We think creating more safety-driven startups will both increase capital availability in the short-term (as more funding might be available for for-profit investments than non-profit donations) and in the long-term (as those companies succeed and have money to invest and create technically skilled and safety-motivated employees who have the resources to themselves be investors or donors for other projects). The creation of teams that have successfully completed projects together–organizational capital–will also better prepare the ecosystem to respond to new challenges as they arise. The organic structures formed by market systems allow for more dynamic and open allocation of people and resources to solve problems as they arise.
We also think that it is possible that alignment research will benefit from and perhaps even require significant resources that existing orgs may be too hesitant to spend. OpenAI, for example, never allocated the resources it promised to its safety team, and it has received pressure from corporate partners to be more risk-averse investing in R&D after Microsoft execs were disappointed by Arrakis. A model where investors speculatively fund those experiments and receive outsized rewards if they turn out to be useful will better incentivize the level of exploration that may be necessary for evaluating neglected approaches and ultimately solving alignment.
Many projects benefit from being structured as for-profits instead of as nonprofits. The feedback loops and incentive structures inherent to businesses can uniquely motivate and direct efforts. For-profit setups often demonstrate higher productivity and economic efficiency, driven by financial incentives that encourage rigor and innovation. This environment also fosters an ownership mentality, where accountability and dedication are prioritized. We expect that reliable and aligned systems will ultimately be most in demand,[4] and so contributions to the alignment problem should unlock significant economic benefits from utilization of AI—which in turn will accrue in part to people who contribute to those alignment contributions. In this sense, by channeling healthy self-interest into meaningful technical advances, for-profits can effectively advance alignment objectives while simultaneously achieving significant personal and societal impact.
If the whole problem is too big for you to know whether or not you’re making progress, consider working on a problem that’s smaller and using what your customers think about it as your feedback signal.[5] For example, we think a system where organizations that aren’t directly tackling alignment, but instead providing support to organizations that are, are organized as businesses that can survive off of revenues are more likely to lead to optimal allocations than situations where support organizations are spending other people’s money.[6]
Another way to put this is: if you’re considering applying to work at an AI lab to help with AI safety, consider instead trying to build the most ambitious company you can that will help with AI safety. However, to start, consider building an idea that seems more like a joke than the grand solution to everything, as many ideas develop with work and the humor might be pointing to something real. The biggest startups often start out looking like fun little experiments. If you think you have a shot at succeeding, we think you should give it a real try because the expected value for success can be very high. The expectation with startups for alignment should be: “most will fail, but the ones that succeed will be hugely impactful.”

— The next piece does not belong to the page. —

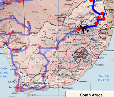 ... Johannesburg gebucht haben. Freitag, 17. September 10, Tag 2, Johannesburg Am Morgen stellt meine tastende Zunge fest , dass die erst gestern erhaltene Füllung meiner Zahnwurzel fehlt. Die habe ich vermutlich beim Abendessen versehentlich verschluckt. Ein Taxi bringt uns vom Flughafen zum Self-Storage, wo wir unseren Toyota liebevoll begrüßen. Zwei Reifen ist während der neunmonatigen Stehzeit die Luft ausgegangen; gut dass wir das Buschtaxi aufgebockt haben. Ich schließe alle vier Batterien an und - kaum zu glauben - der Toyo springt sofort an. Doch ein lautes Quietschen verdirbt uns die Freude. Die Lichtmaschine dreht sich nicht und darum rutschen die Keilriemen an der Rolle. Ein paar Spritzer Universalspray beheben das Problem sofort und wir können nun die beiden drucklosen Reifen aufpumpen. Dann nehmen wir das Auto von den Böcken, laden unser Gepäck ein und sind reisefertig. Im Büro des Self-Storage wollen wir noch die Kaution für die Garage beheben, doch die haben nicht 370 Rand (41 EUR) Bargeld und wir müssen einen Scheck nehmen. Im nahe gelegenen Spar ergänzen wir die Vorräte im Auto und dann fahren wir auf den am Stadtrand gelegenen Campingplatz "Country-Park" (S26 03.477 E27 52.835, Auto + 2 Pers. 140 ZAR = 15,50 EUR), wo wir voriges Jahr schon einmal übernachtet haben. Wir sind die einzigen Gäste und genießen die Ruhe beim Ein- und Umräumen. Sabine ist kurz beunruhigt, als plötzlich und ohne erkennbare Ursache ihre Oberlippe anschwillt. Sie kriegt ein Antihistaminikum, mit dem die Sache bis morgen Abend erledigt sein wird. Kaum geht nach dem heißen Nachmittag die Sonne unter, wird es auch schon empfindlich kalt und nach dem Abendessen sitzen wir schon in Anoraks beim Glühwein. Km 8/8/36.473. Samstag, 18. September 10, Tag 3, Johannesburg Beim Frühstück fällt uns auf, dass der Tau auf unserem Reservereifen Blasen bildet: Ein Leck, das wir im Auge behalten werden. Unser erster Weg führt uns noch einmal in einen Supermarkt und dann geht es ab ins Zentrum von Johannesburg. Wir finden einen gut gesicherten Parkplatz vor dem Museum Africa (S26 12.15 E28 1.87). Das Museum (Eintritt frei) ist weit weniger faszinierend als der Reiseführer verspricht. Schon nach kurzer Zeit sind wir auf dem Weg zum Carlton-Tower (15 ZAR = 1,67 EUR p.P.), von wo man einen tollen Ausblick auf die riesige Stadt hat. Wir sehen uns im Vorbeigehen noch die St. Mary's Cathedral, the Old Post Office und die Town Hall an, wobei es den Anschein hat, dass wir die beiden einzigen Weißen in der Stadt sind. Da ist es dann auch fast kein Wunder, dass ich Opfer eines Versuchten Raubes werde: Ein Schwarzer versucht, mir das Bauchtascherl zu rauen, wo zwar ohnehin nichts Wertvolles drin ist. Doch ich kann die Wegnahme aber verhindern. Den Abschluss der Stadtbesichtigung bildet der Besuch der World of Beer (30 ZAR = 3,33 EUR p.P.). Nach der Führung und je einem kleinen Bier verschenken wir schweren Herzens die weiteren Biergutscheine. Wir müssen ja noch fit bleiben für die Ausfahrt aus der Millionenstadt. Erst kurz vor Sonnenuntergang verlassen wir die Autobahn bei Belfast und finden erst in der Dunkelheit einen halbwegs brauchbaren Nachtplatz neben einer Bahnlinie. Die Nacht ist sternenklar und wieder anorakkalt. Km 317/325/36.790. |

Expanding now prepares well for the future
We suspect many billions in funding may go towards AI Alignment R&D[7] over the next decade. At minimum, Open Philanthropy itself is looking to double its Global Catastrophic Risks funding over the next few years. The more viable candidates there are for funding, the better the outcomes, and the more alignment-focused the candidates, the larger the alignment ecosystem—maximizing value for mitigating AI risks and solving the alignment problem itself. We should be skating to where the puck is going to be in terms of funding opportunities and technical capacities, and we think those who care most about alignment should be trying hard to meaningfully upskill and found startups to make the most of this potential near-future opportunity.
We also think that an important part of startup ecosystems is technically-minded investors who can act as angel investors or grant evaluators. If we need to move millions or billions in the future, we should have people practicing by moving thousands or millions today.

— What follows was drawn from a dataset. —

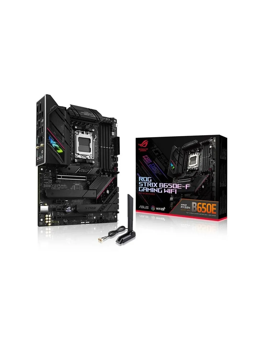 - ASUS ROG STRIX B650E-F GAMING WIFI. PROCESSOR MANUFACTURER: AMD, PROCESSOR SOCKET: SOCKET AM5, COMPATIBLE PROCESSOR SERIES: AMD RYZEN 7. SUPPORTED MEMORY TYPES: DDR5-SDRAM, MAXIMUM INTERNAL MEMORY: 128 GB, MEMORY SLOTS TYPE: DIMM. SUPPORTED STORAGE DRIVE

If it’s the case that solving alignment looks less like one brilliant breakthrough and more like a careful aggregation of many pieces that solve many different subproblems, then we need a structure that will create both the pieces and the careful aggregation. Historically, successful large engineering projects are more easily delivered through market mechanisms, and we should take advantage of that here.
Additionally, if it’s the case that a solution to the alignment problem requires an expensive underfunded ambitious effort, like making humans significantly smarter or doing whole brain emulation, startups seem especially well-suited to take on these moonshot efforts. Ideally, we’d preserve the best of what comes from startups for this sort of work while simultaneously pioneering some new incentive structures to support these unique endeavors, like purchase guarantees and windfall trusts.[8]
Differential tech development that doesn’t hurt on net is a broader category of work than some think
We think it’s important for founders and investors to anticipate their impacts on the world—and to worry about those impacts being possibly negative. We don’t think this counterbalances the pressing need to make progress on alignment research, and we should push people to choose projects and iterate more thoughtfully rather than simply doing less.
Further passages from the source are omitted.